**The task**
Having found the line containing "The coats come" in the records below, copy that line and each later one exactly, dropping pictures.

**Material for this exercise**

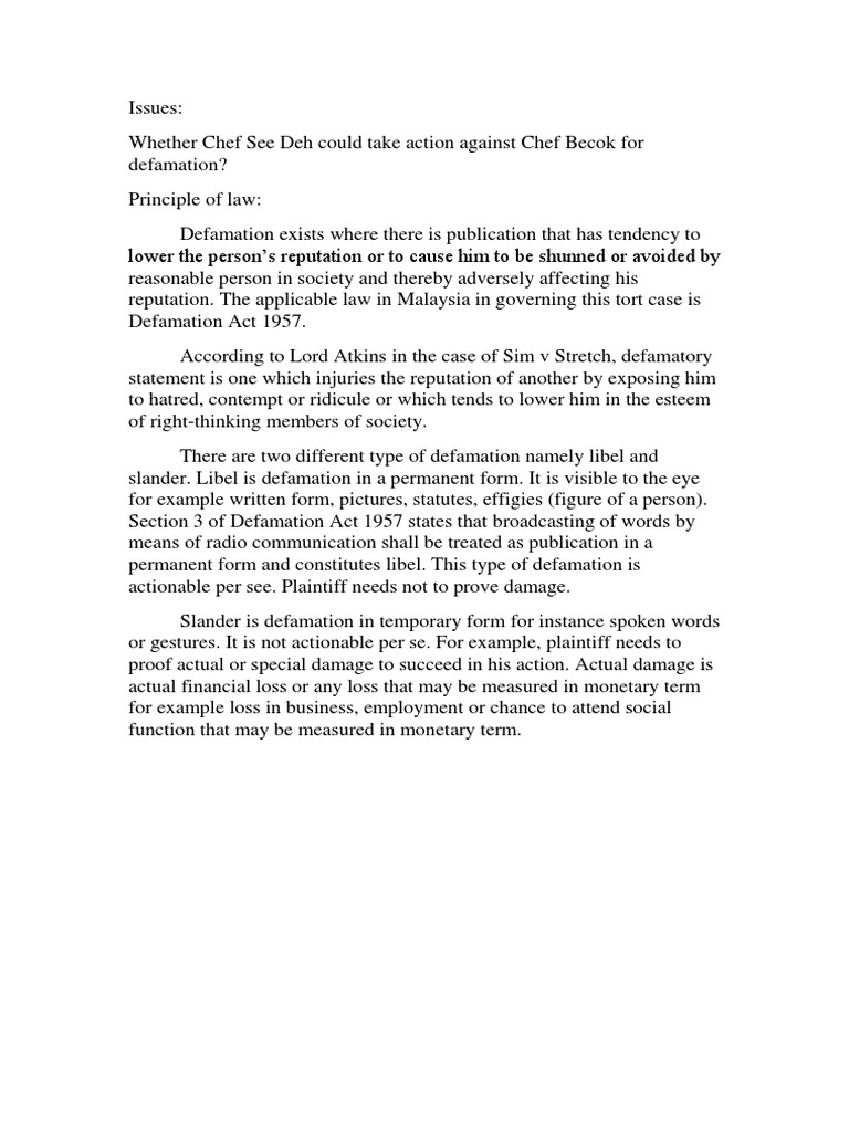 How do you establish defamation? The defamation act only applies to civil claims. The first prime minister of malaysia, tunku abdul rahman, defined the purpose of the act as to be used solely against the communists.my cabinet colleagues and i gave a solemn promise to parliament and the nation that the immense powers given to the government under the isa would never be used to stifle legitimate opposition and silence lawful dissent. Separate assessment of damages in certain cases in actions for libel Defamation act 1957 refers to the. Conducted by irresponsible media practitioners in malaysia. Slander affecting official, professional, or business reputation in an action for slander in respect of words calculated to disparage the plaintiff in any office. 4 laws of malaysia act 286 defamation 5 laws of malaysia act 286 defamation act 1957 an act relating to the law of libel and slander and other malicious falsehoods. The law on defamation in malaysia Acl [30th april, 1963.1 47 of 1963. The applicable legislation for defamation in malaysia is the defamation act 1957 ( defamation act ). Laws of malaysia act 286 defamation act 1957 an act relating to the law of libel and slander and other maliciousfalsehoods. Defamation act (with its variations) is a stock used for legislation in malaysia, hong kong, new zealand, the republic of ireland and the united kingdom relating to defamation.
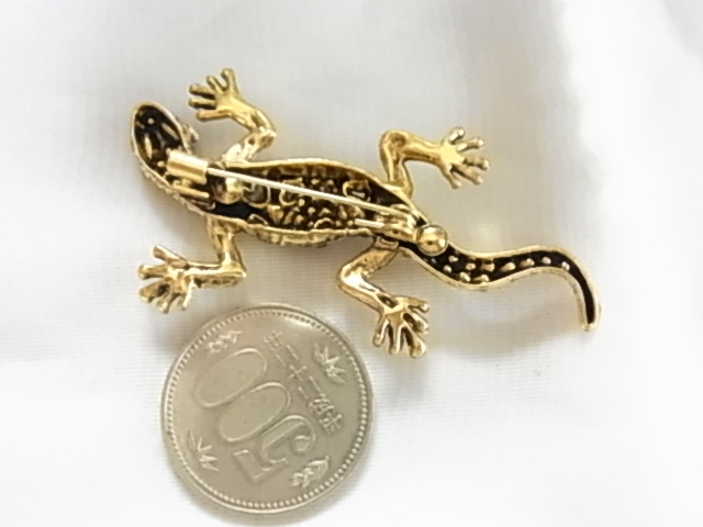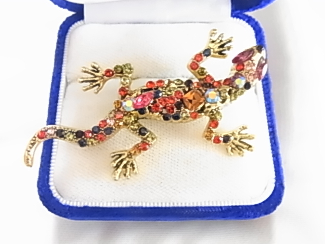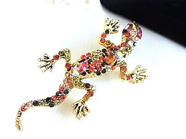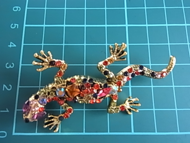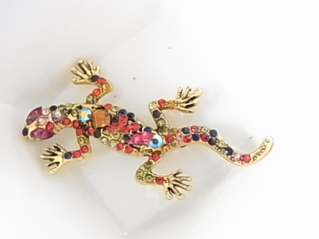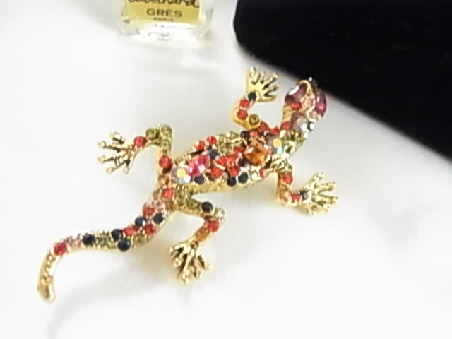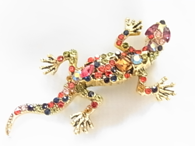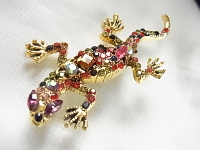 □未使用品 キラキラ輝くマルチカラーのラインストーン ビジュー 輝石 トカゲのモチーフ ヤモリ? 爬虫類 素敵なブローチ
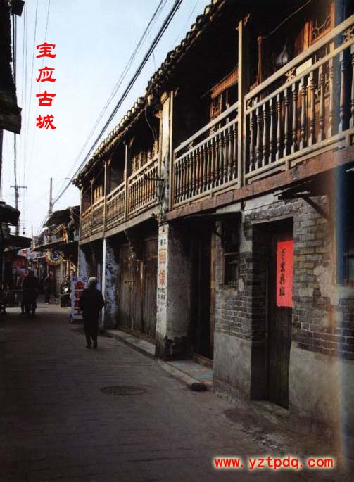 《寶應歷代縣志類編》載。寶應老街有:縣前大街、學前大街、迎秀大街、南北大街、東西大街、東門大街、城隍大街、東岳廟街、痘神廟街、魚頭街,以及大石頭街、西街等近20條街道。古巷有:堂子巷、姜家巷、東三元巷、西三元巷、朱家巷、李府巷、官巷、發財巷、古董巷、蔡家巷、不見天井巷、喬家巷、東槐樹巷、西槐樹巷、核桃樹巷、一人巷、一寸巷等數十條,以及鐵橋口、牌樓口、磨子口、井巷口、魚市口、羅巷口等介于街和巷之間的行人出入通道。老街上貨分南北品種不同的店鋪商號一字排開對面相望,古巷門堂有別、楹聯各異的人家宅院、墻體相連、互為依托。更有眾多的名勝古跡星羅棋布,名人故居散落其間。早、可以追溯到漢魏隋唐,遲,也要頂到晚清民國。這些前人留下的設施,不但具有厚重的歷史底蘊,也顯示豐富的文化內涵。
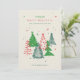 Diese moderne Karte zeigt eine einfache Abbildung von mehreren Weihnachtsbaumen in typischen saisonalen Farben. Der Hintergrund der Textur verleiht dem Ganzen ein weiches rustikales Ambiente. Diese Nicht-Foto-Karte ist ideal, um Weihnachts-Grüße oder Happy Holidays Wünsche an Familie und Freunde zu senden. Es ist eine großartige Visitenkarte, die Sie an Mitarbeiter und Kunden schicken können.
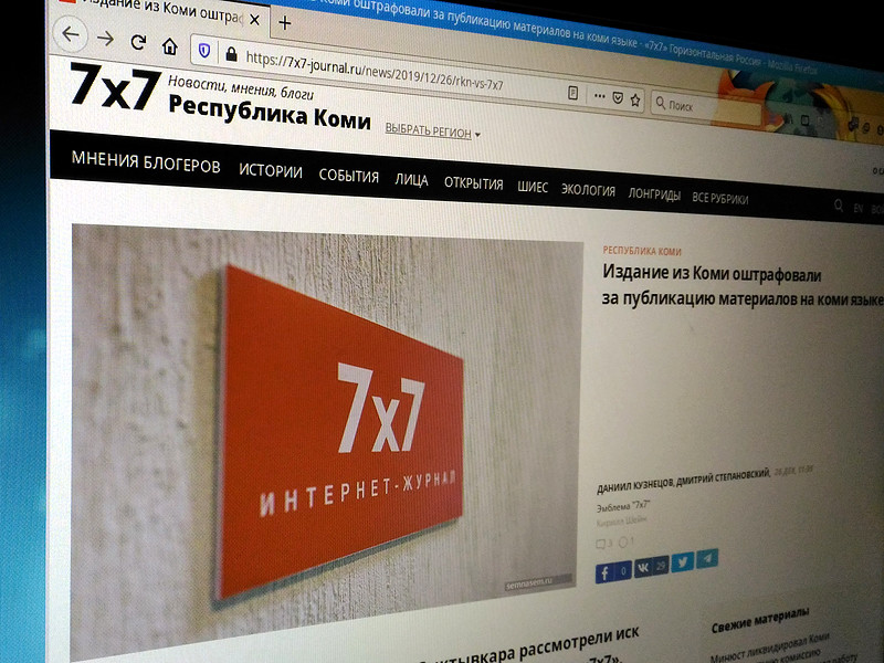 Издание из Коми "7x7" оштрафовали за публикации на языке коми
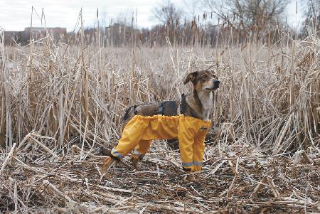 The coats come in yellow or black with reflective tape in sizes for dogs ranging from 3 to 130 lbs. Skelly notes short-legged breeds, such as basset hounds and dachshunds, have been hard to fit, but he hopes to offer a specialty coat for them soon.
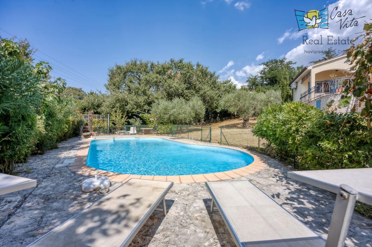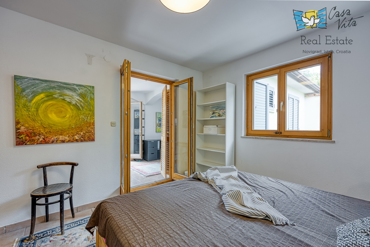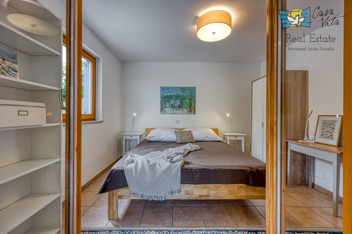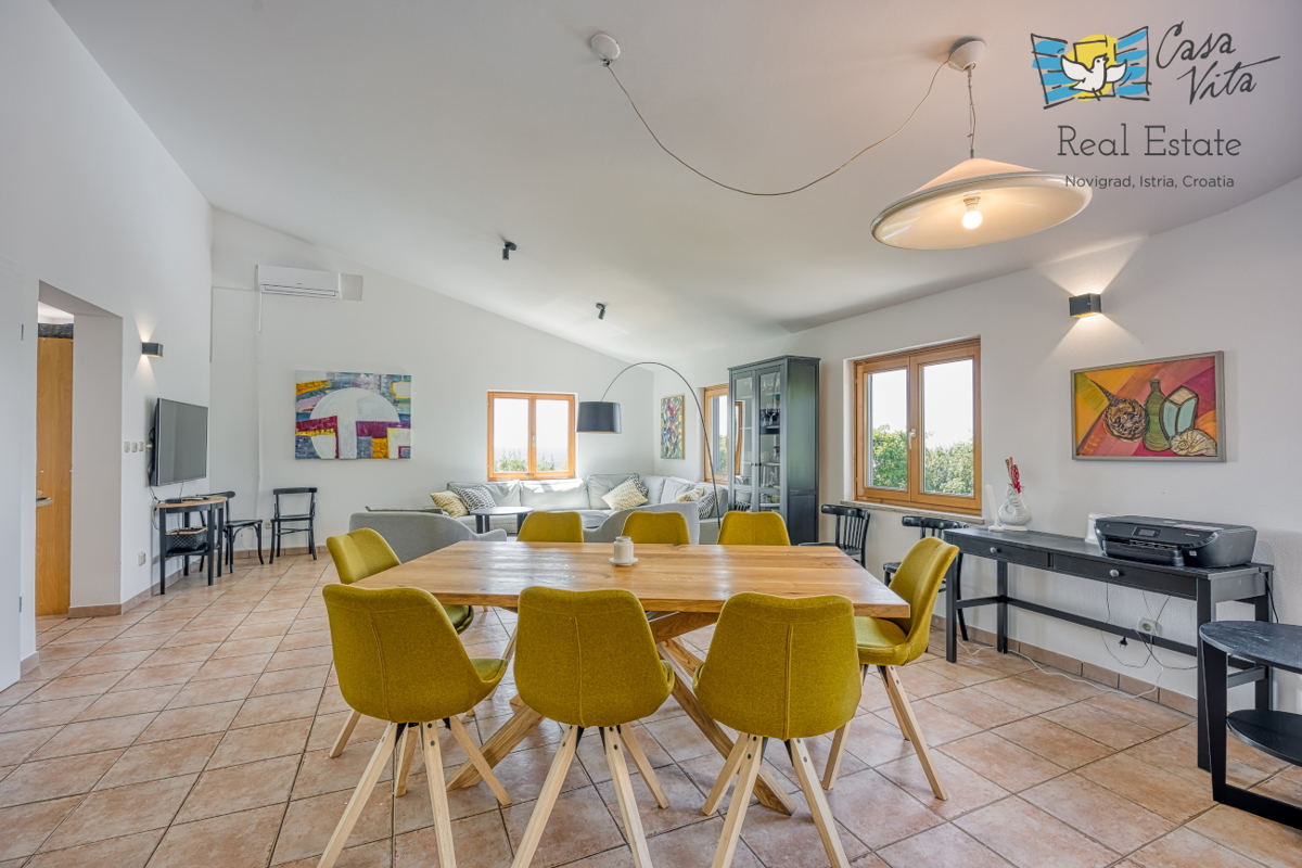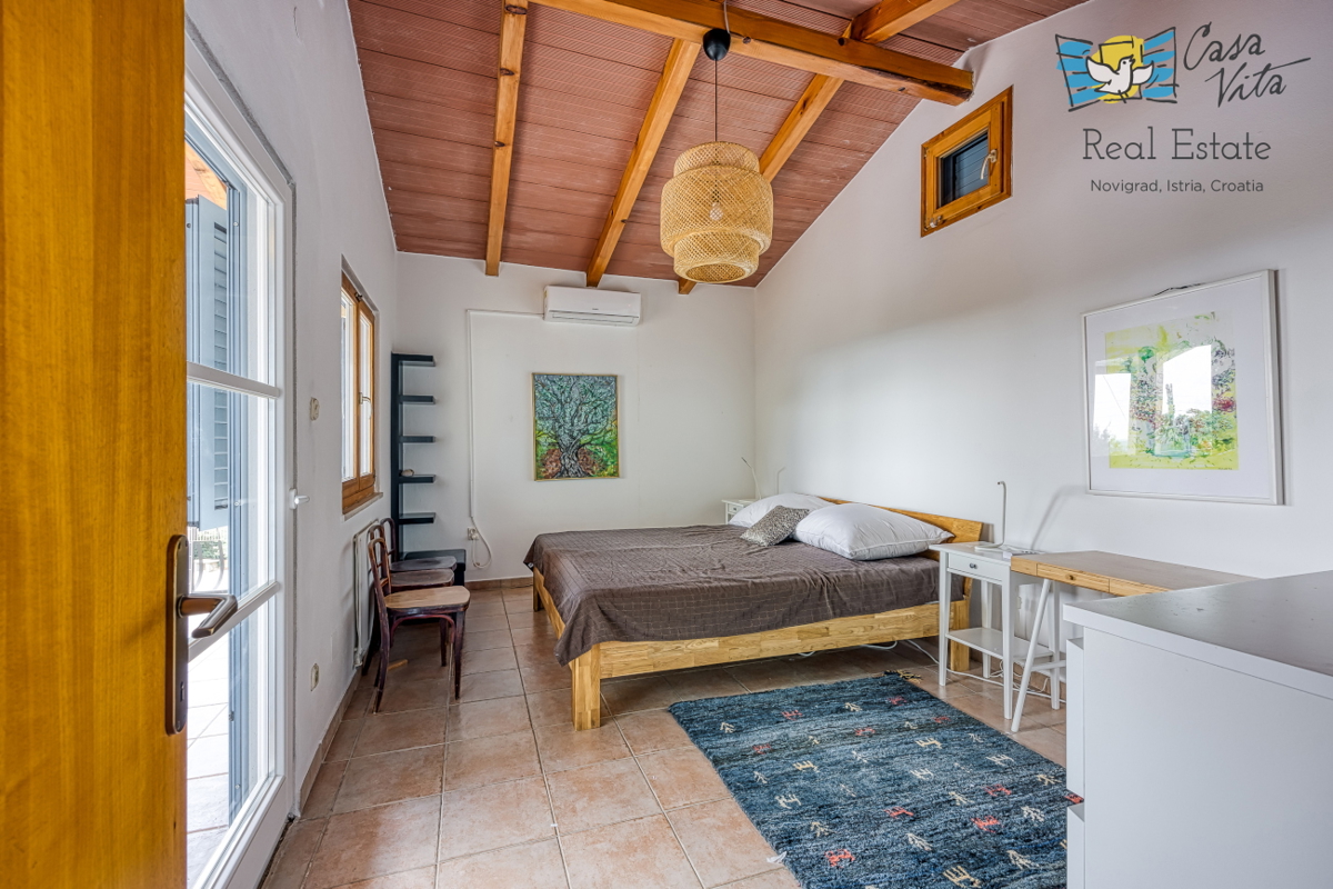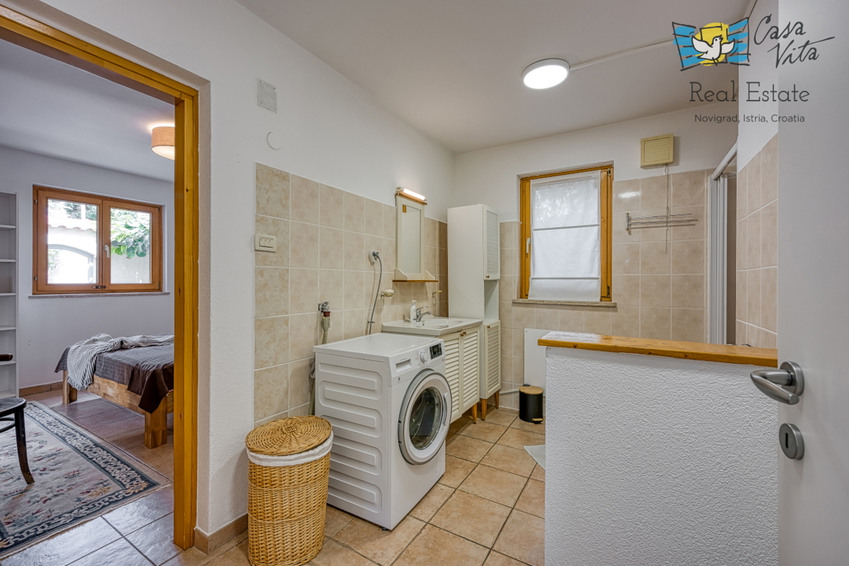 Istrien, Poreč Ein charmantes Einfamilienhaus zum Verkauf, gelegen auf dem Hügel einer kleinen istrischen Stadt in Kaštelir, nicht weit vom Stadtzentrum (ca. 500 m) und dem Meer (ca. 7 km) entfernt. Seine Spezialität ist Privatsphäre! Die Gesamtfläche d

**Result of the task**
 The coats come in yellow or black with reflective tape in sizes for dogs ranging from 3 to 130 lbs. Skelly notes short-legged breeds, such as basset hounds and dachshunds, have been hard to fit, but he hopes to offer a specialty coat for them soon.
 Istrien, Poreč Ein charmantes Einfamilienhaus zum Verkauf, gelegen auf dem Hügel einer kleinen istrischen Stadt in Kaštelir, nicht weit vom Stadtzentrum (ca. 500 m) und dem Meer (ca. 7 km) entfernt. Seine Spezialität ist Privatsphäre! Die Gesamtfläche d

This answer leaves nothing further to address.